The external loan interest charged on the
Bounce Back loan in the Period was £0.2k (six months ended 30 June
2023: £0.4k, year ended 31 December 2023: £1k).
The interest charged on the Committed Credit
Facility in the period to 30 June 2024 was £0.5k (six months to 30
June 2023: £nil, year ended 31 December 2023: £0.3k).
Non Current
Assets at 30 June 2024 were £6.8 million, a
reduction of £0.1 million from the position at 30 June 2023 of £6.9
million (31 December 2023: £6.7 million). This
reduction was due to the depreciation of the Group's plant and
machinery and amortisation of the Group's intangible asset
totalling £0.2 million and a reduction in the Right of Use asset of
£0.2 million, offset by the recognition of deferred consideration
due on the sale of Harley Street (CPC) Limited of £0.3m.
Current
Assets at 30 June 2024 were £1.7 million, a
reduction of £0.9 million from the position at 30 June 2023 of £2.6
million (31 December 2023: £2.5 million). The decrease since
June 2023 reflects the utilisation of the cash to fund the
operating expenses for the business and facility expansion by £1.0
million, offset by an increase in trade receivables and the fair
value of the Biological Assets and Agricultural
Products.
Current
Liabilities at 30 June 2024 were £0.9 million,
a reduction of £0.5 million from the position at 30 June 2023 of
£1.4 million (31 December 2023: £1.0 million). The decrease
is due to the reduction in Trade and Other Payables.
Non-current
liabilities at 30 June 2024 were £5.1 million,
an increase of increase by £0.1 million from the position at 30
June 2023 of £5.0 million (31 December 2023: £5.1 million).

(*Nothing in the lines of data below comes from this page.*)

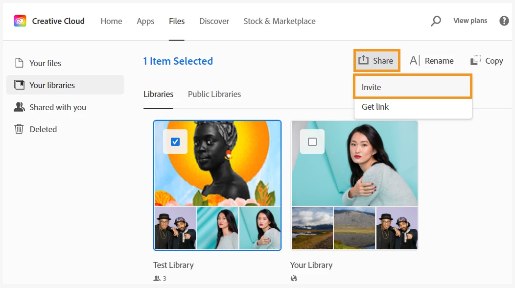 I have included a screenshot showing the invite option on the left and then the new library that doesn't have this option.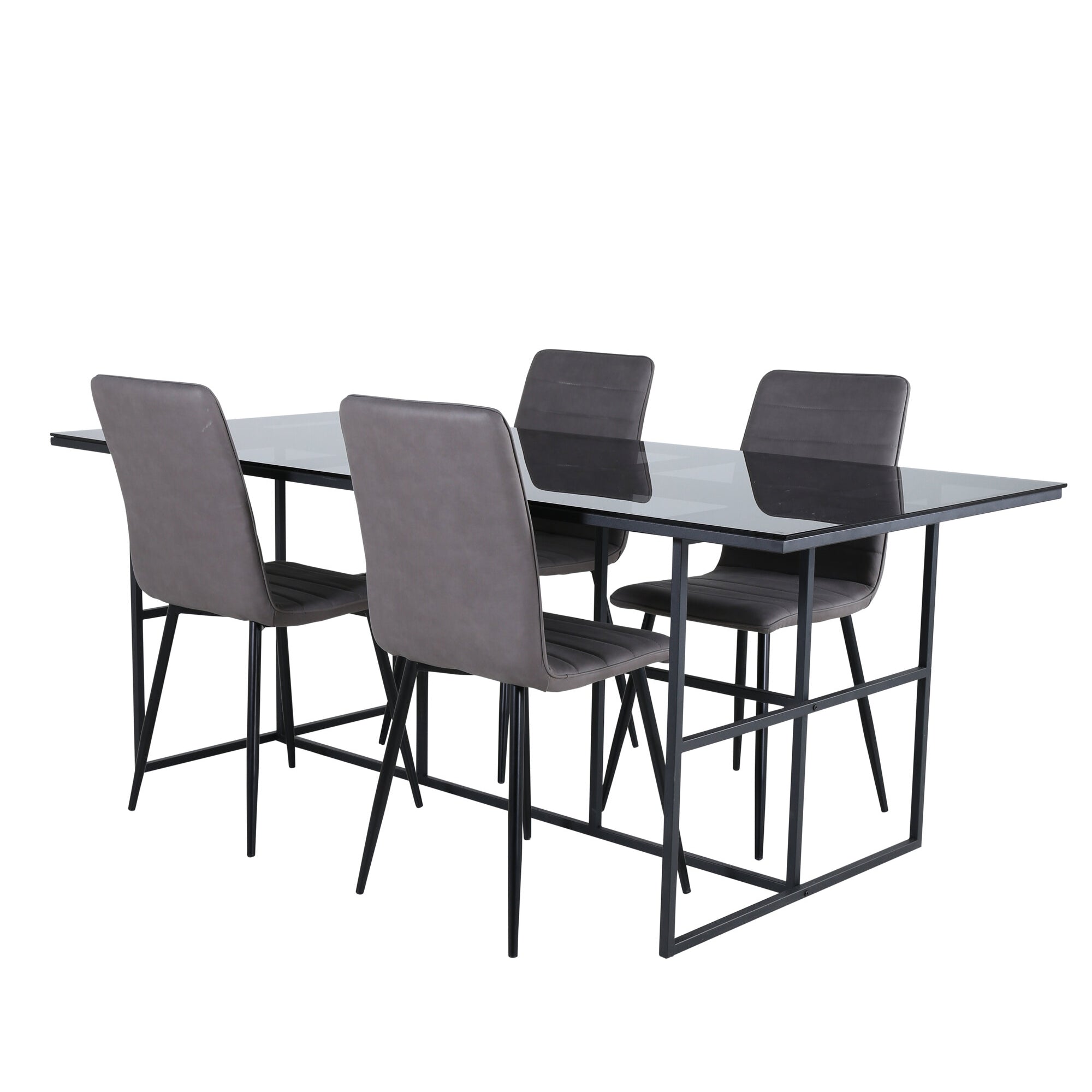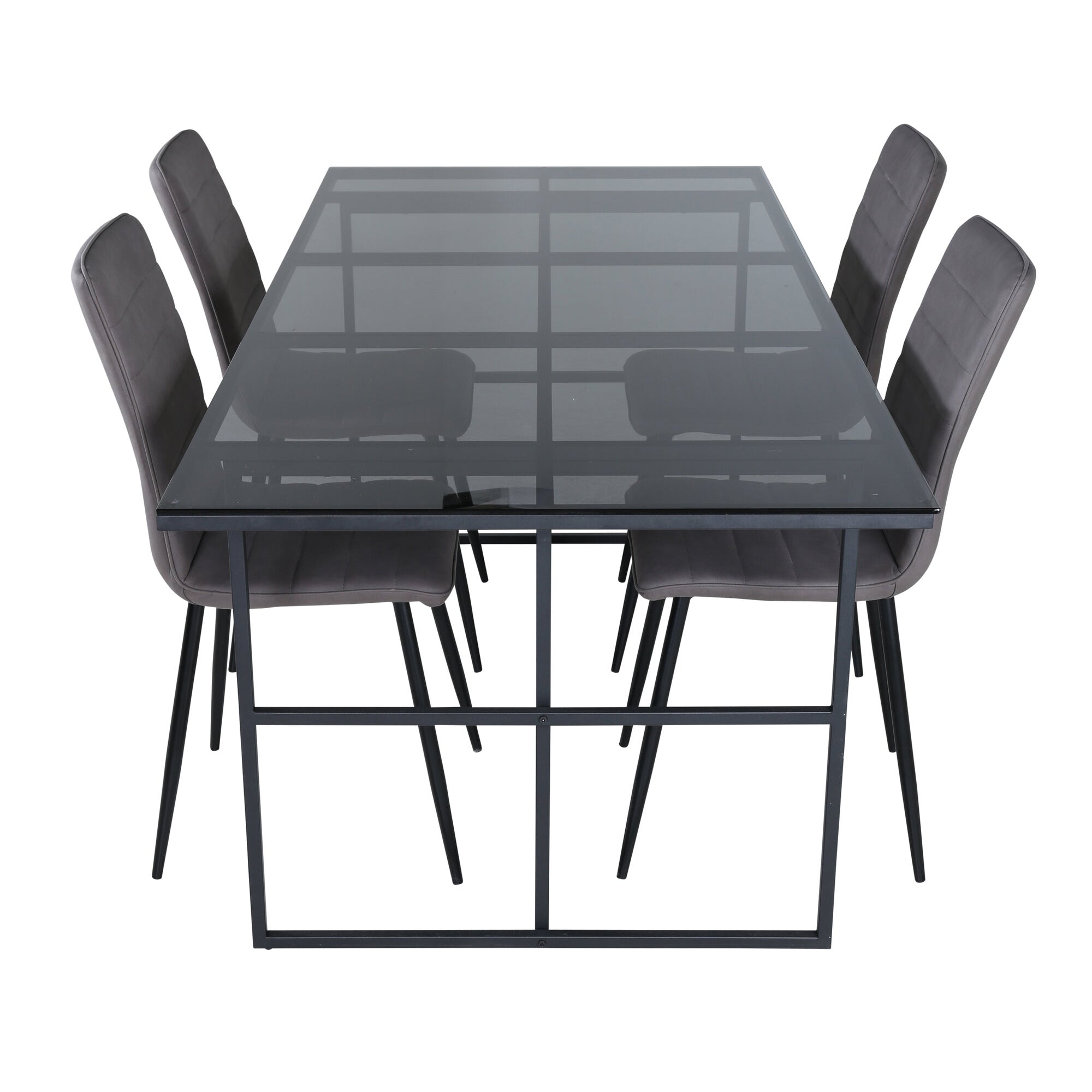 Jídelní stůl Leif - černá / černá kouřové kouřové sklo + židle Windu Lyx - černá / šedá Micro Fibre_4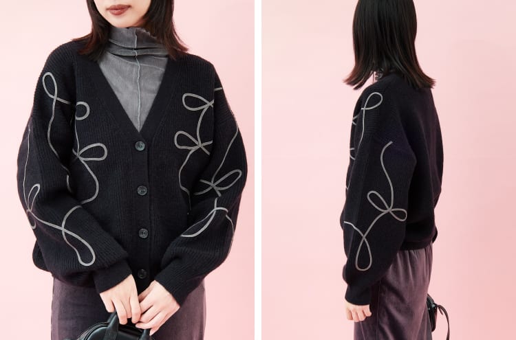 立体的なコード刺繍が存在感のあるnenomのアイコニックなカーディガン。程よくゆとりのあるシルエットに華やぎを添える曲線的なコードデザインは、甘さとモード感が絶妙に共存し、大人の女性にぴったりの一枚です。

The increase compared is as a result of an increase in the lease
liability and the provision in respect of the property
decommissioning costs of £0.1 million.
Net
assets - at 30 June 2024 were £2.5 million (30
June 2023: £3.0 million, 31 December 2022: £3.2
million).
Shareholders'
Equity - Share Capital including Share Premium
and the Merger Relief Reserve total £92.8 million at 30 June 2024
(30 June 2023: £88.3 million and 31 December 2023: £91.2 million),
the increases have been due to share allotments in October and
December 2023, and in May 2024; the Reverse Acquisition Reserve of
£59.2 million (which is the consolidation reserve created on the
reverse acquisition of combining Summerway Capital Plc and Celadon)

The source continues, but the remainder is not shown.